AMP-CF restructures the representation. Each user has multiple latent personas, each capturing a different taste cluster. When scoring a candidate item, an attention mechanism weights the personas by their relevance to that item — a user's "horror persona" lights up for horror candidates and stays quiet for comedies. The user representation becomes candidate-conditional in a way single-vector models can't be: same user, different effective vector depending on what's being scored.
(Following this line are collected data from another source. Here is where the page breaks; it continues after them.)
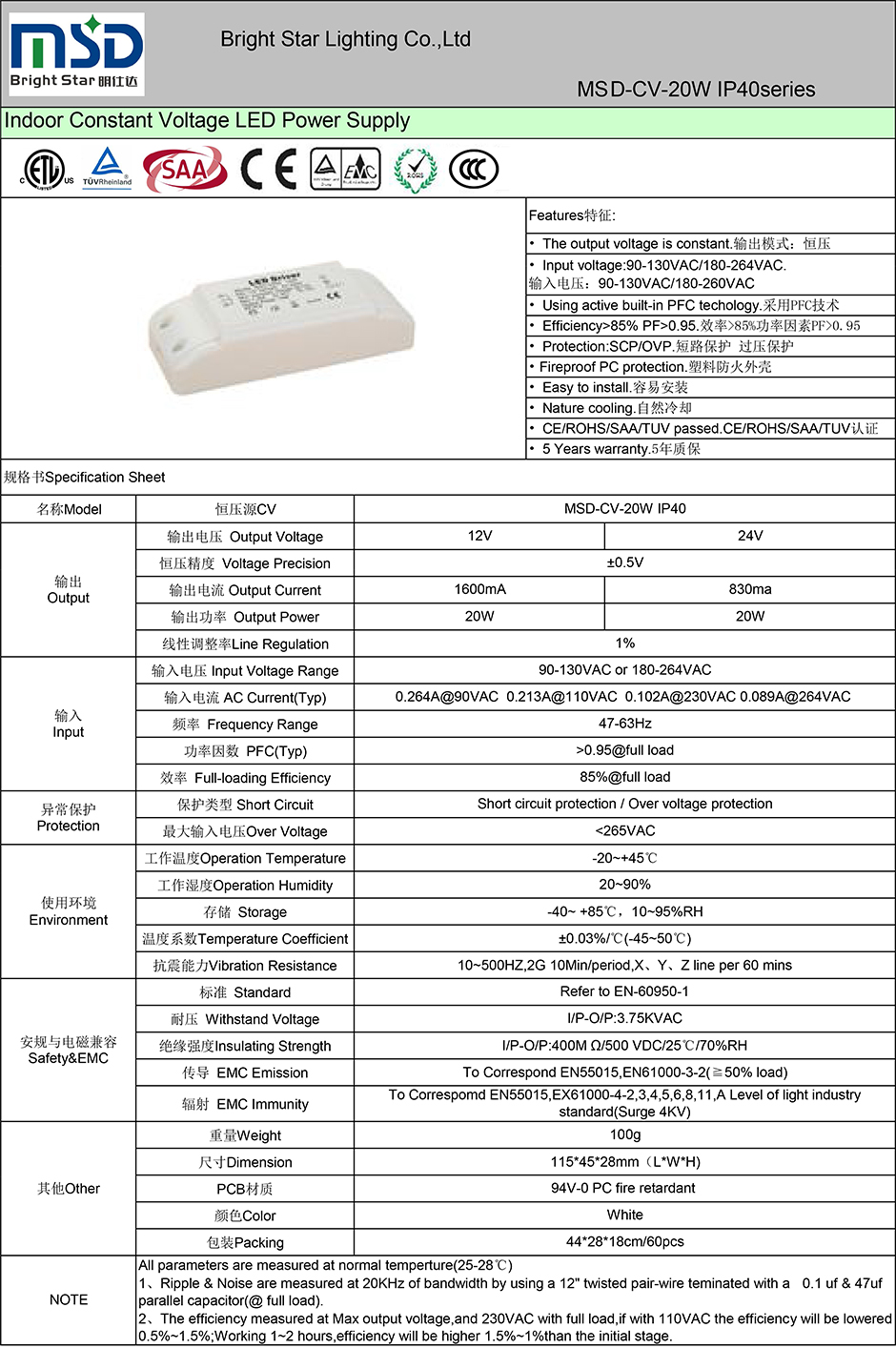 ●      CE/ROHS/SAA/TUV/ETL/CCC认证
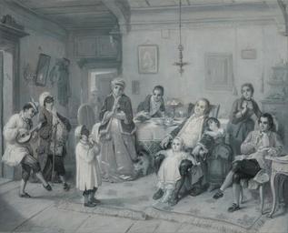 Keywords: Moritz Daniel Oppenheim - Purim (Feast of Esther) (Das Purim-Fest) - Google Art Project.jpg Gift of the Oscar and Regina Gruss Charitable and Educational Foundation Inc 1999-96 Oil on canvas the artist's family after 1866; sold to Hermann Cramer ; Hermann Cramer Frankfurt Germany until d 1919 ; his wife Hedwig Cramer Frankfurt Germany 1919-d 1934 ; her son Sally H Cramer Hamburg Germany later London England 1934-d 1952 ; his son Robert Cramer 1952 ; sale London England about 1952 Oscar Gruss New York NY until 1999 special url_id dgFpr-VoEaILSA PD-old-100-1923 1882 Moritz Daniel Oppenheim Google Art Project works by Moritz Daniel Oppenheim Jewish Museum New York City Purim |
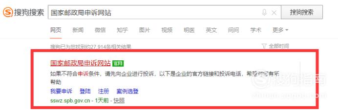 在搜狗搜索引擎上搜索“国家邮政局申诉网站”,在搜索结果中点击进入其官网。
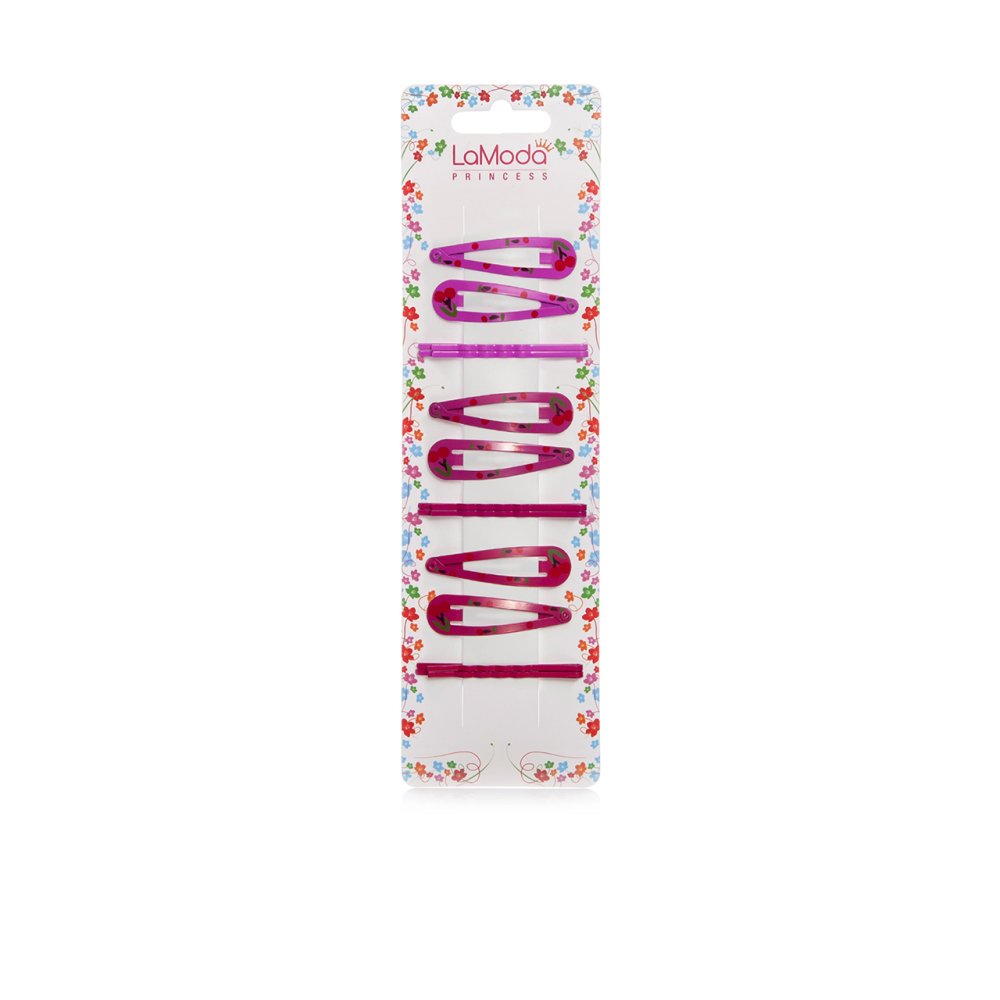 This comprehensive set contains 6 pink hair clips featuring a delightful cherry print design, along with 6 hair grips in various shades of pink, providing a variety of styling options for children's hair.
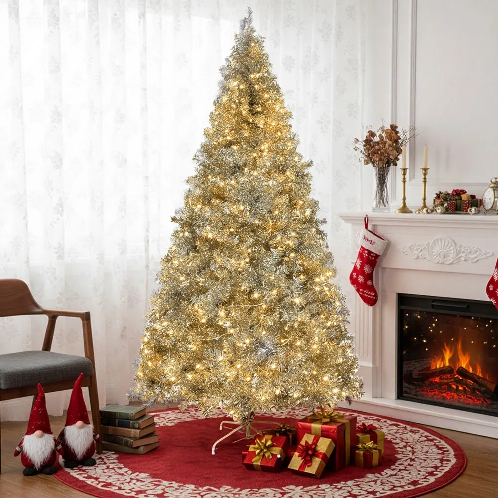 - You get warm-white LED lights that scale with height — 300 (6 ft), 450 (7 ft), or 550 (8 ft) across 8 modes for customizable sparkle.
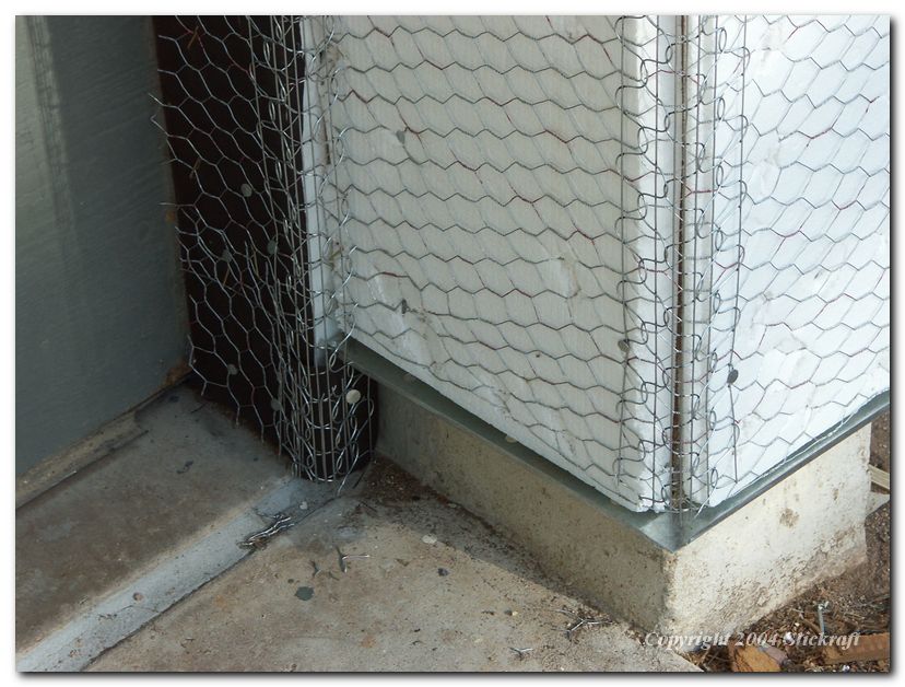 Bottom pillar next to garage door.
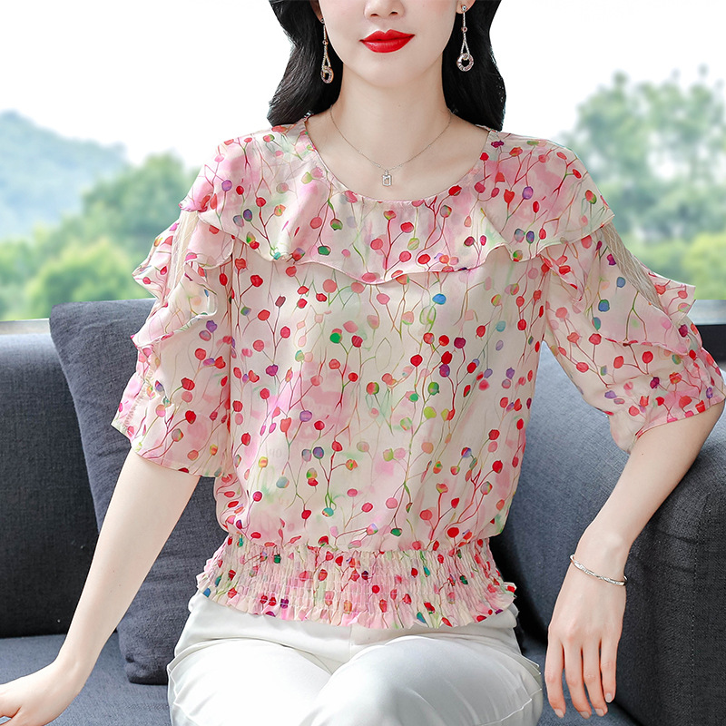 Dydd3123ファッション減齢甘美砕花シャツ女2025夏の新型気質百合雪紡織上着
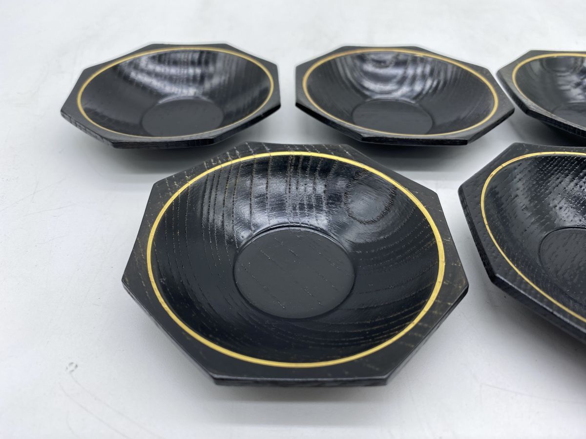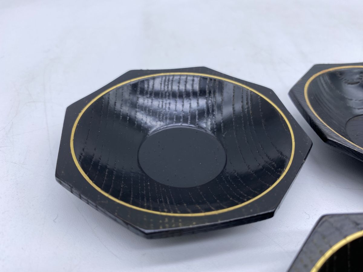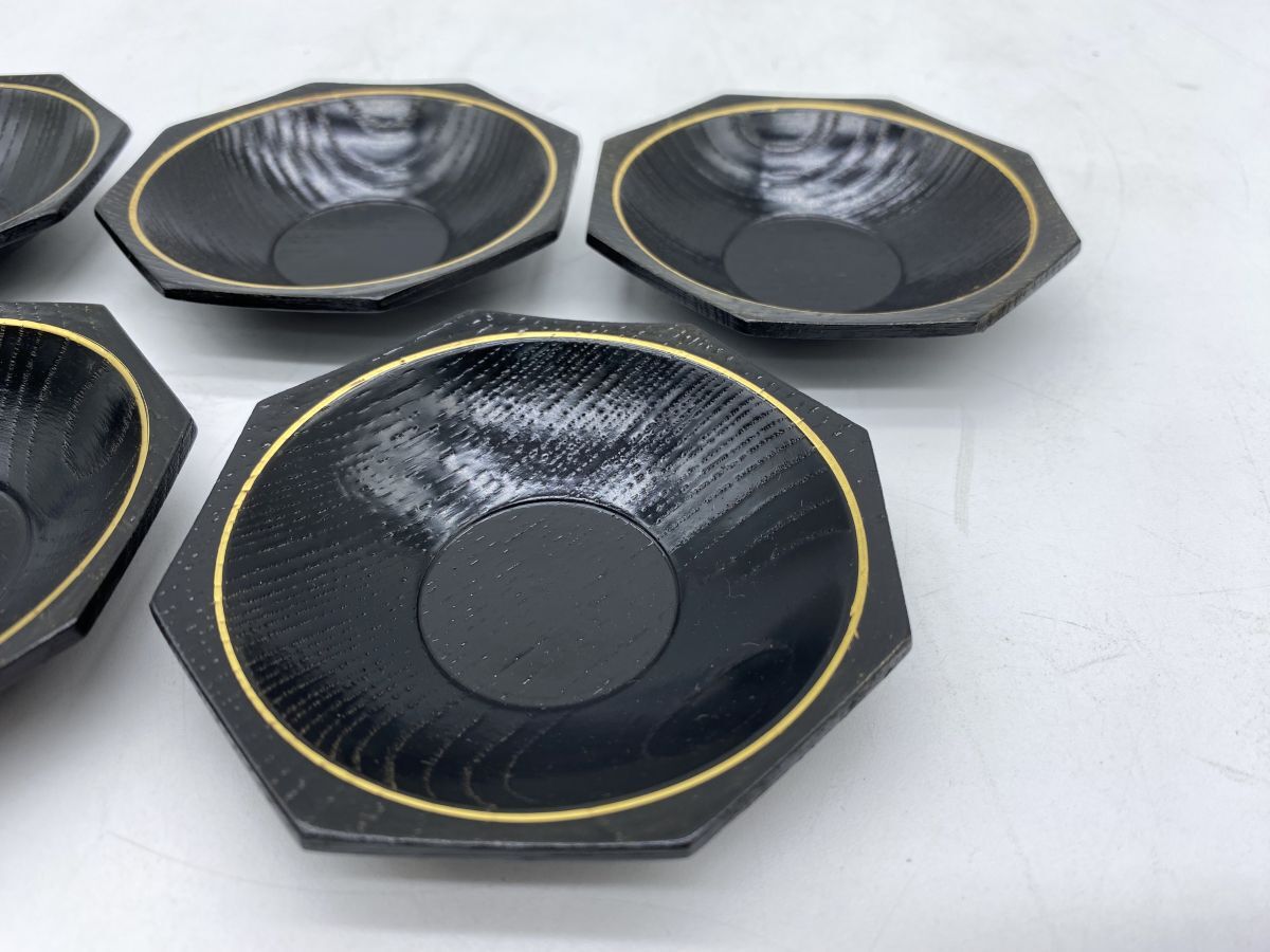 5客まとめ 欅黒 八角金線 茶托(13783)
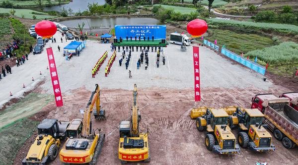 4月2日下午,自貢市榮縣旭陽鎮夜合村張家灣隧洞出口現場彩旗飄揚,洋溢著一派喜慶歡樂的氣氛,由工程局公司承建的自貢小井溝水利工程支渠工程在這里隆重舉行開工儀式。自貢市副市長鮮光鵬出席活動并宣布項目開工,市政府副秘書長江聲全出席儀式,自貢水務投資集團有限公司黨委書記、董事長梁杰介紹工程情況,工程局公司總經理袁斌作表態發言,榮縣縣委副書記、縣長鄭小清出席講話,自貢小井溝水利工程公司總經理吳川報告開工準備就緒、提出開工請求。市水務局局長古榮華主持活動儀式。
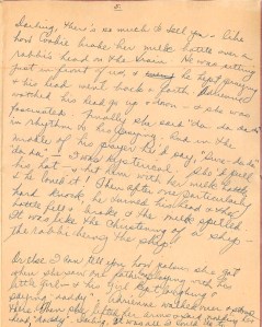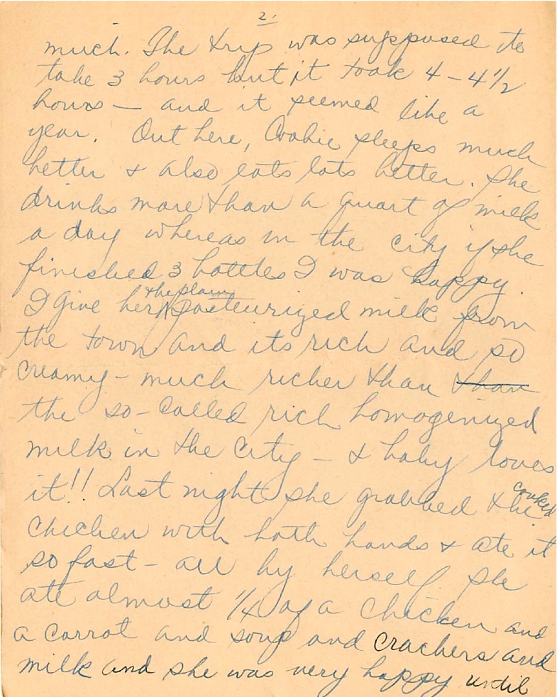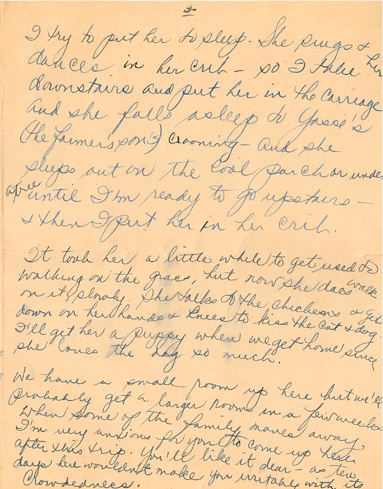 I try to put her to sleep. She sings and dances in her crib – so I take her downstairs and put her in the carriage and she falls asleep to Yasse’s (the farmer’s son’s) crooning – and she sleeps out on the cool porch or under a tree until I’m ready to go upstairs – and then I put her in her crib.
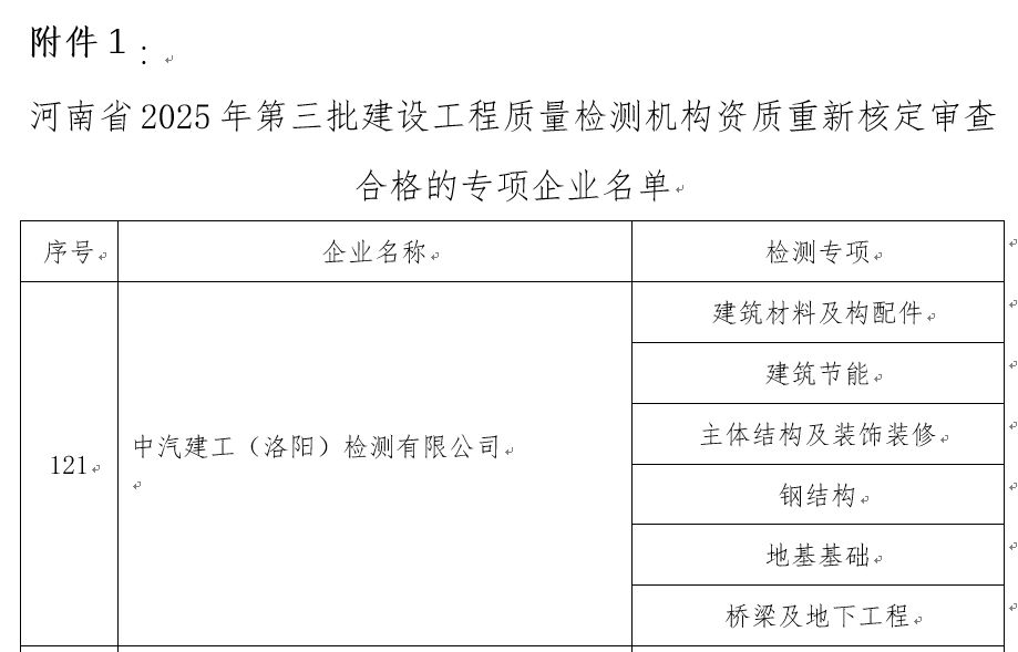 此次资质核定通过,不仅是对公司过往工作的高度认可,更为未来业务拓展奠定了坚实基础。公司可依法承接工程质量检测项目,进一步提升市场竞争力,为服务河南省建设工程质量安全提供更有力的技术支撑。
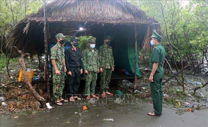 Cán bộ chiến sĩ Đồn Biên phòng cửa khẩu quốc tế Hà Tiên bám chốt làm nhiệm vụ phòng chống dịch COVID-19 trên vùng biên giới. Ảnh: Lê Huy Hải - TTXVN

This buys two distinct goods at once. Recommendations become diverse without a separate diversity step because the inactive personas surface their preferences when their kind of item shows up. Recommendations become explainable because each item can be attributed to the persona that gave it the highest weight — "we recommended this because of your horror taste, not your comedy taste." The Taste Distribution Distance metric the paper introduces measures whether the recommendation list proportionally matches the user's full range of interests, which diversity metrics don't capture.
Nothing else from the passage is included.